Mariano Antonio Guadalupe Escobedo de la Peña (16 January 1826 – 22 May 1902) was a Mexican Army general and Governor of Nuevo León.

Early life
Mariano Escobedo was born in San Pablo de los Labradores (which is today known as Galeana), Nuevo León on 16 January 1826. He was the youngest of six children born to Manuel Escobedo and Rita de la Peña.

Military career
In 1854 he defended from the liberal rows the Plan of Ayutla that ended the dictatorship of Antonio López de Santa Anna.

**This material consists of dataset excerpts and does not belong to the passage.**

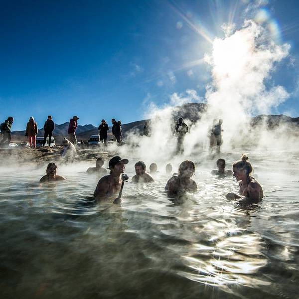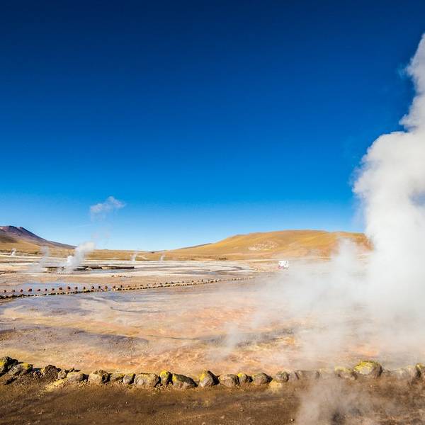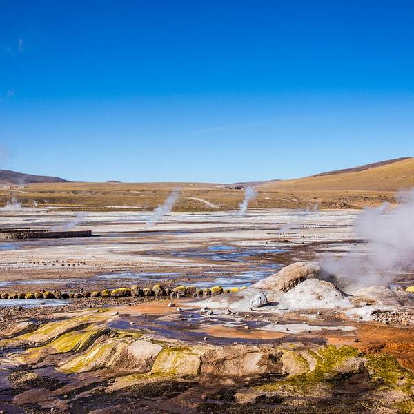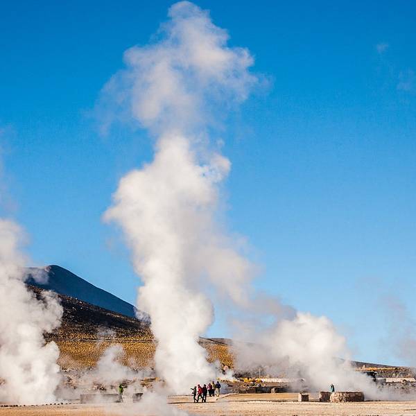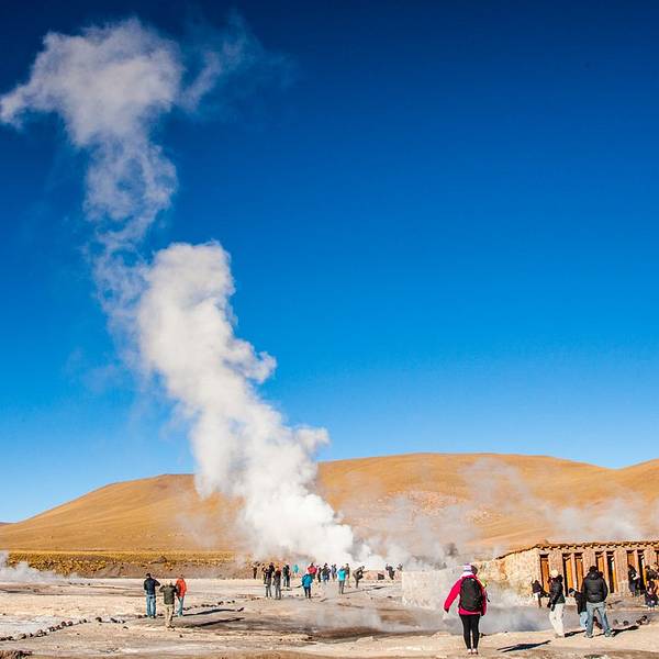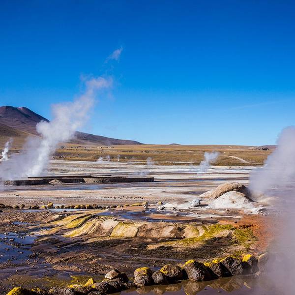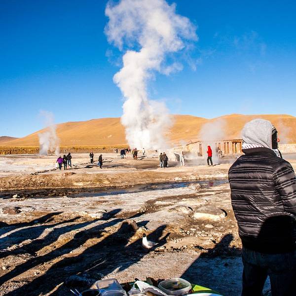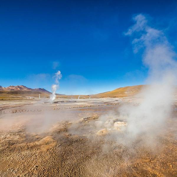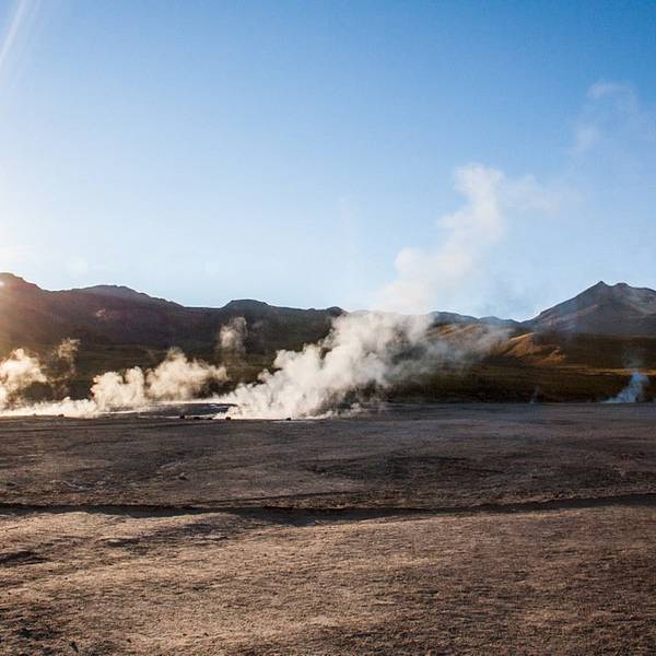 著名的间歇喷泉,一条接一条不断腾起的白色长龙,只有在太阳升起前的这段时间,间歇泉才会到达自己喷发的旺盛期,走进间歇泉(EI Tatio Geysers)你甚至感觉自己被这团团白色水雾包围了,周遭是数不清的泉眼,每个泉眼都会对应一条腾起的白色水龙,除了高处不胜寒的冷,这里更像是仙境。
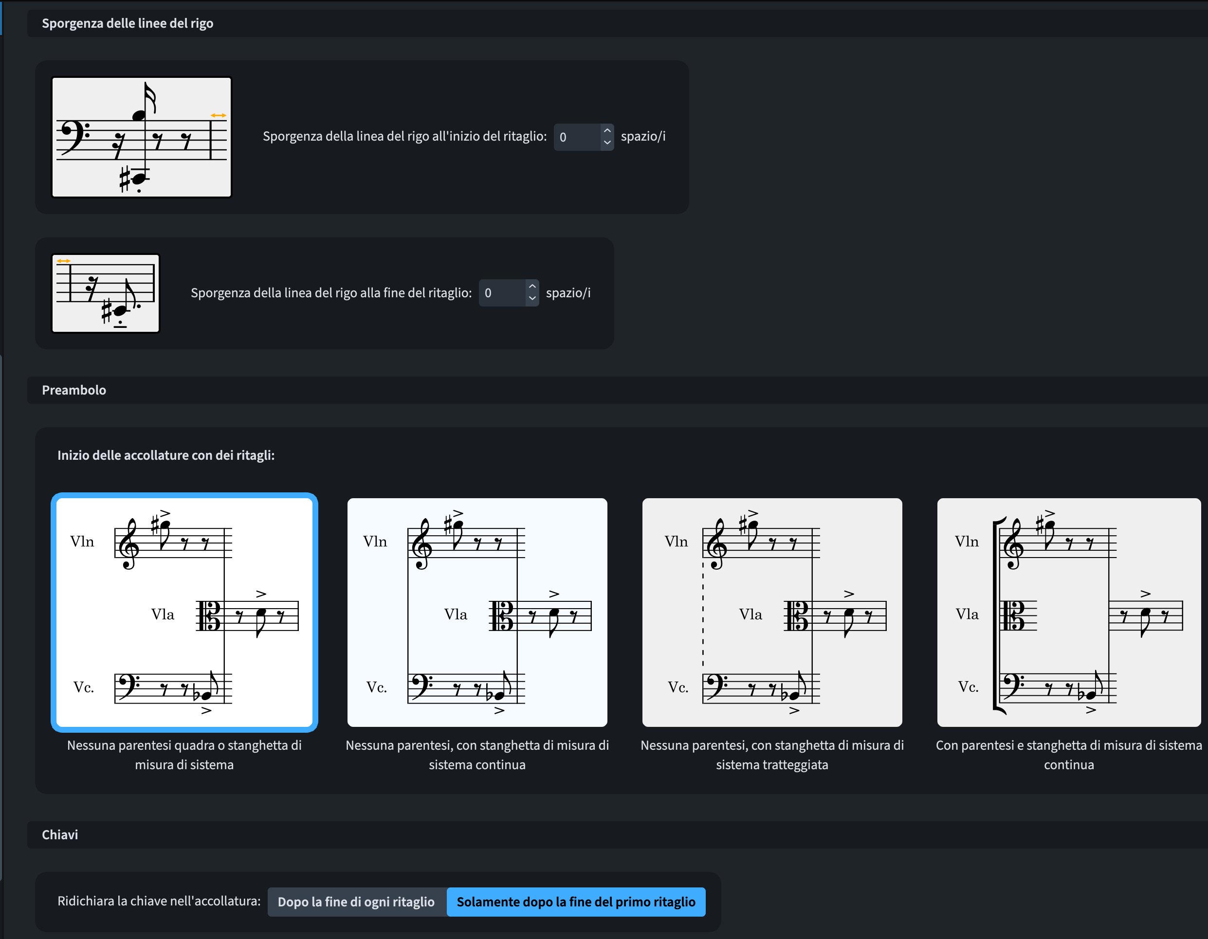 All’inizio dell’accollatura, il preambolo dello strumento (etichetta del rigo, chiave, ecc…) è solitamente nascosto nelle partiture con ritagli; alcune di esse, tuttavia, preferiscono mostrarlo. Ci sono quattro opzioni tra cui scegliere nella sezione Inizio delle accollature con dei ritagli mostrata sopra:
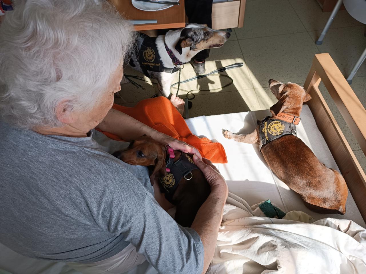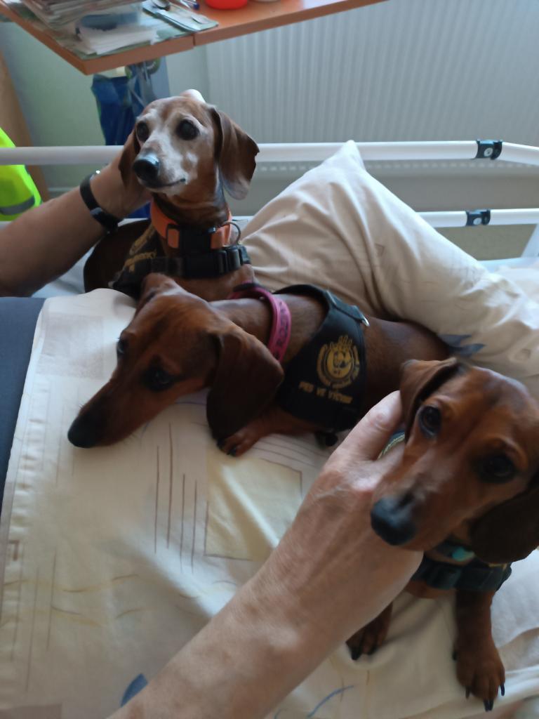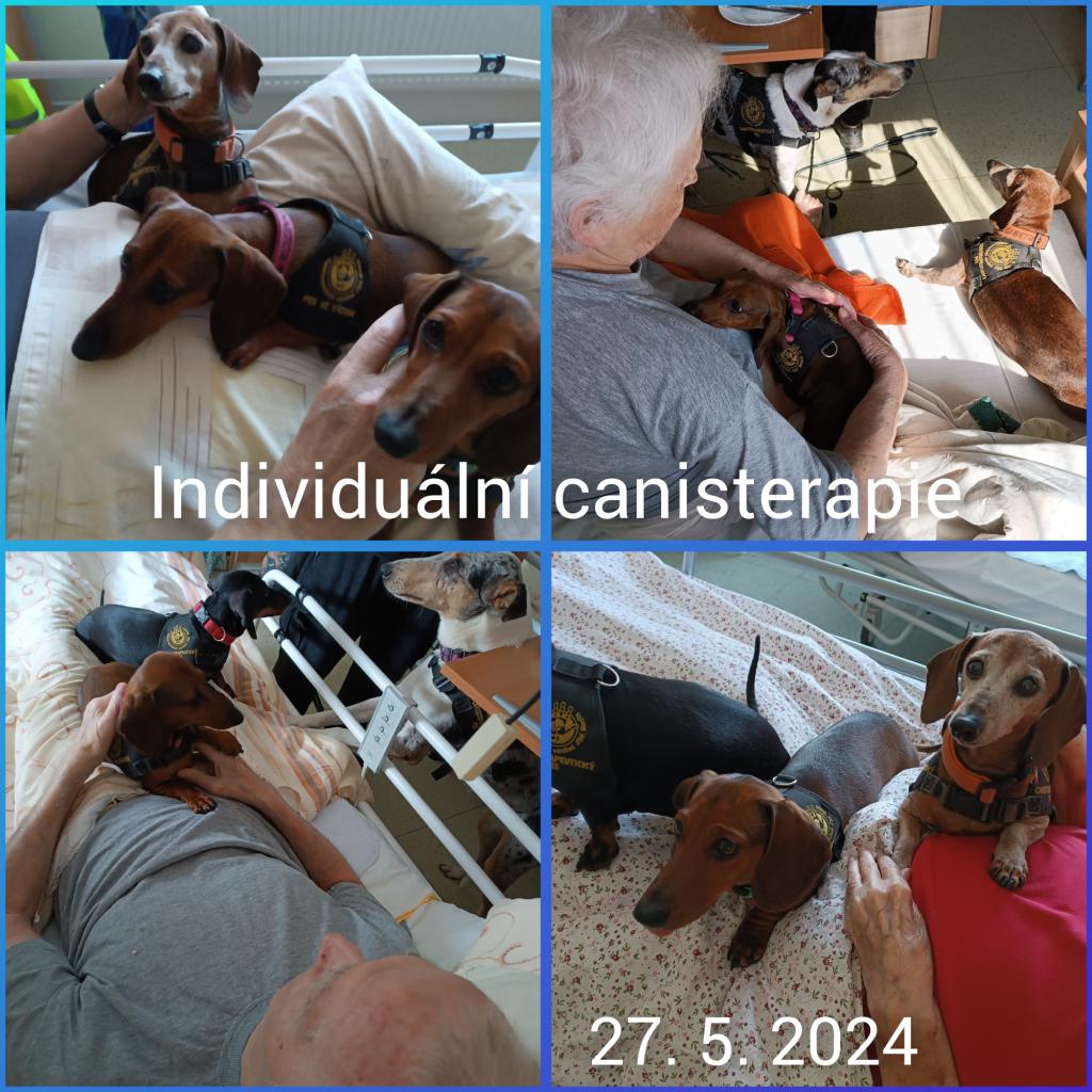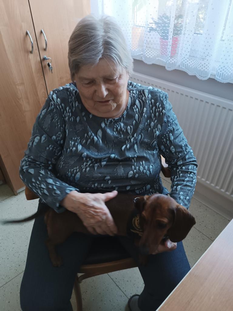 Klienty na pokojích opět potěšila návštěva jezevčíků a hladkosrstá kolie v rámci canisterapie. Jejich návštěva všem vykouzlila úsměv na tváři.

He took part in the Battle of Puebla on 5 May 1862, in Puebla, where thanks to his bravery, was promoted to colonel of cavalry. Later, he was promoted to general and organized an Army Corps which fought against the French invading troops, defeating them and capturing emperor Maximilian I in Querétaro (1867).

During the presidency of Benito Juárez (1858–1872) Mariano Escobedo was named commander-in-chief of the northern zone and after the restoration of the Mexican republic, he was governor of several states and military secretary in 1875, in addition to being president of the Supreme Court of Military Justice.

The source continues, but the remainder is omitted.